The Scriptures are a kind of testimony about how things started, how God interacted with the people He created, what He put into place to help them figure out how to live in a way that works, and what happened when they didn't. If you can put together the prophets with the events of the roughly 300 years that Israel was a nation, you can see that all those woe-to-you prophecies were because the people were so corrupted in their thinking that they were sacrificing their own children thinking that this one living and loving God wanted them to do this. (If you look in the early books of the law, you see that God warned them long before that they would end up at this awful point if they didn't take care, but they overall didn't listen.) Fast forward several silent hundreds of years and we get another picture of that same God, Jesus who fleshed out the example of how God wanted us to live. I can't imagine it was easy living without sin - just think how hard it is for some people simply to avoid sweets when they are diabetic! And then He took on all the punishment for what people have done to themselves, to each other, and towards God. This is a big deal.

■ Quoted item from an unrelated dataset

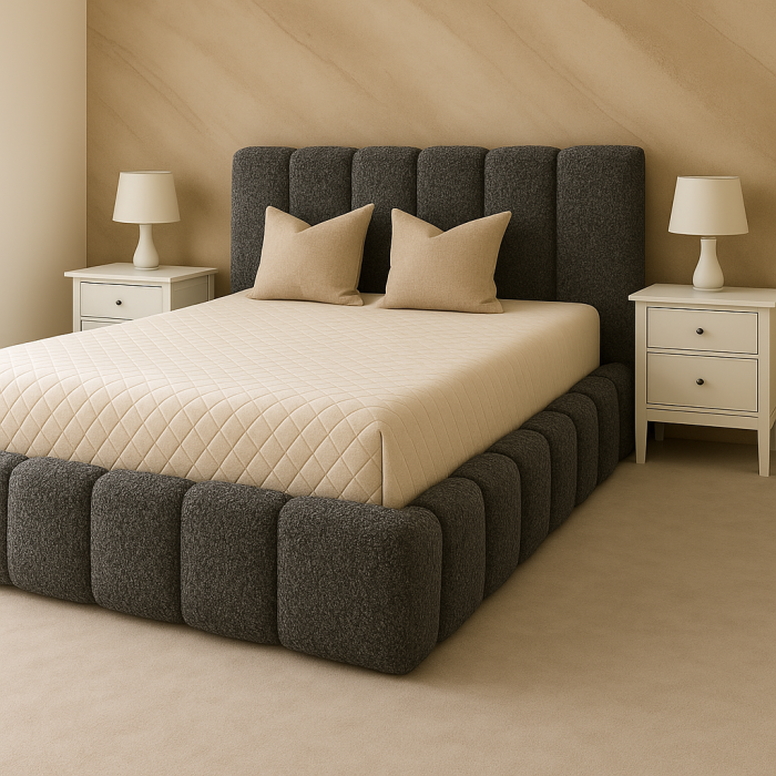 Tăblia înaltă și capitonată oferă un plus de rafinament și confort, ideală pentru momentele de relaxare.

So why do we have so many debates? I think several things play into it. People only want to follow God just so far, so we all have to twist the words a bit to be comfortable where we think we need to be. Then we seem to want to try to make everyone else be in that same place. And along the same lines, people are still trying to be "better than" each other rather than better than they were and staying busy working on the beam in their own eyes to better see the measure of Christ in our own lives. The Pharisees/Sadduccees/other sects/scholars/philosophers and the religious hypocrites (play actors) didn't disappear over time. They were there in the scriptures and they are still with us. Some of them ARE us. They went their own way and tried to pull a following after themselves. And we do have 2 thousand years of cumulative error in church history with each break-off from the last "orthodoxy" thinking they have arrived and the rest are all wrong - another case of thinking we each have arrived and can check off all the boxes for God's acceptance while we despise the others for not agreeing with us. All that...and we still have the promise of a certain end of this present age.
The forum here has the unique opportunities to share additional wisdom or to perpetuate long held myths. But then, Jesus told us God's kingdom (those of us who want to live under God's rule?) would be like a field with both wheat and tares - and it's not up to us to do the weeding. He did say what would happen to both in the end, and that's probably the vital lesson. Be wheat. Work on your own chaff.
Conclusion: this walk is up to you. You've got the book in your hand if you want to study it. God is more than willing to give you all the help you need through His Holy Spirit so that you can see where others have wisdom and where they don't. Study and keep studying. Walk in it - and keep walking in it. God is interested in you and your life - and in your perseverance to the end.
OK, jumping off the soapbox now, lol - what a dynamic question. I hope the best for you!